# Canadians @ NFAA Vegas 2011: Who's going?



## SpOtFyRe (Apr 9, 2007)

I'm going this year for the first time. Got the cashola all saved up.

Just waiting for the online registration system to get it's act together so I can register.

And trying to figure out what side of the tournament I want to do the shows and touring around since I'm going to make a big trip of it!

:blob1:

:canada:


----------



## x-hunta (Mar 10, 2010)

I was hoping I might be able to go this year for my first time but it looks like it won't be so unless I get on the provincial travel team.


----------



## bow slayer (Apr 2, 2007)

Attending for sure!


----------



## aglover (Feb 3, 2006)

This will be my first year as well... I'm excited.


----------



## XCalibre (Aug 31, 2006)

i'm definitely planning to go


----------



## SpOtFyRe (Apr 9, 2007)

XCalibre said:


> i'm definitely planning to go


Is Edmonton planning to have another "Vegas" shoot beforehand?


----------



## MSchleppe (Aug 4, 2010)

That is the plan.
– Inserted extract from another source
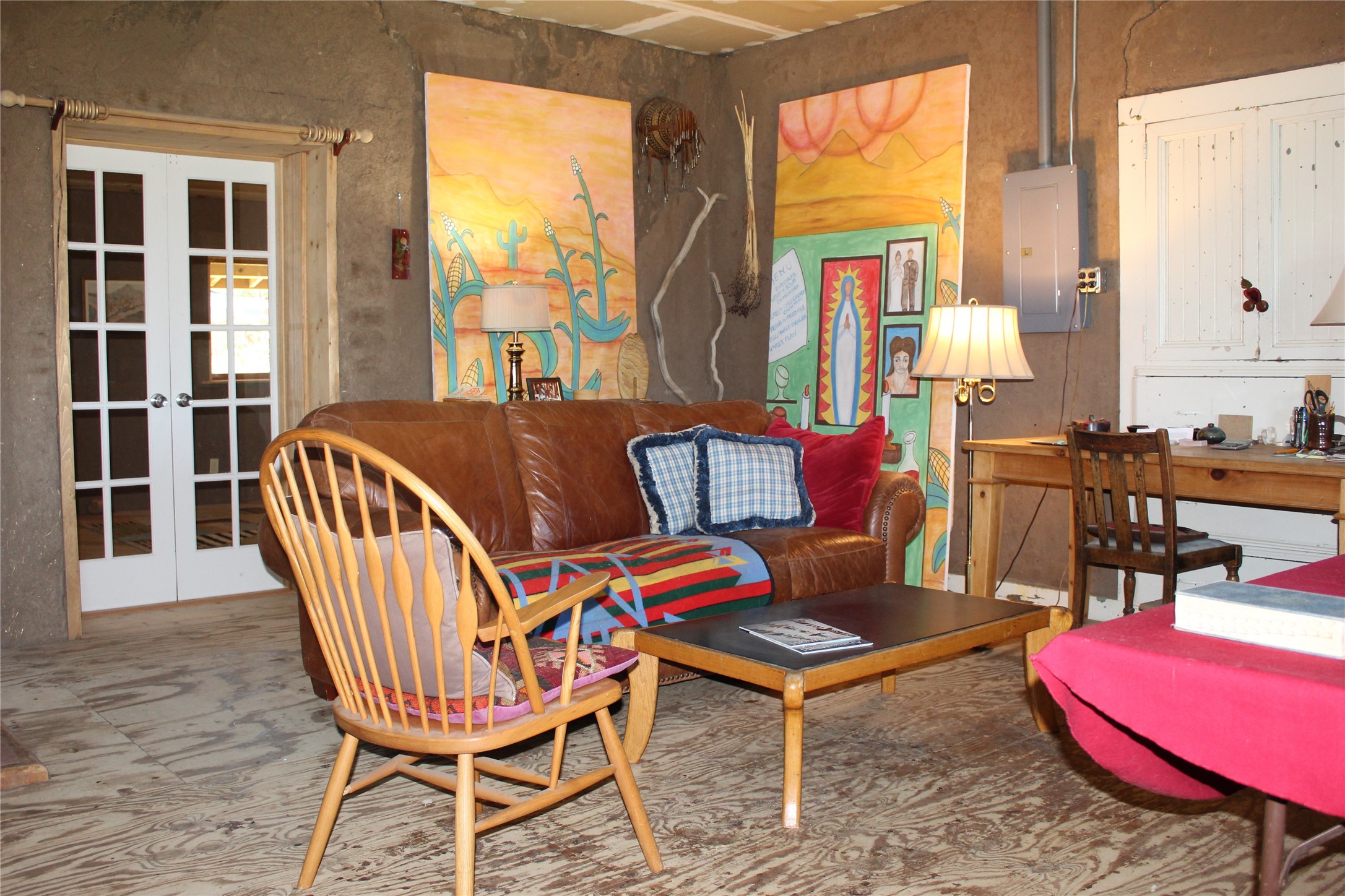 This is a fantastic opportunity to own a piece of historic northern New Mexico, in historic Tierra Amarilla. This two-story traditional style adobe home with tin roof was built in 1881 and is known as the Garcia House. Graced with fruit trees and lilacs in the yard, it has portals along the front and back of the house. The downstairs is 2100sf and has been added onto to make it L-shaped, with the downstairs renovated by the owners and a previous owner. There is a full second story (2100 more sf!) which would provide a lot of extra living space if renovated (it was originally five separate rooms). The original interior adobe walls and wood floors are still in most of the house. Some of the recent renovations include new windows on the back of the house and wood replaced on the back portal; new Rheem tankless hot water heater; new heating unit in one bedroom; new roof on the back addition; and work on the electrical system. There is a wooden building in the back yard that could be a storage shed or a small studio or workshop. The property is zoned both commercial and residential. The current owners have a room which was used as a theater, gallery and performance space. Don't miss this opportunity to live in a historic adobe house and continue to develop it into the beauty that it will be!

It will likely be held right at the end of January, plus or minus a bit to avoid the major 3d tournaments around that time. More information will come out later.

Mike


----------



## SpOtFyRe (Apr 9, 2007)

MSchleppe said:


> That is the plan. It will likely be held right at the end of January, plus or minus a bit to avoid the major 3d tournaments around that time. More information will come out later.
> 
> Mike


:thumbs_up


----------



## XXX_Shooter (Aug 30, 2009)

I should be there..........


----------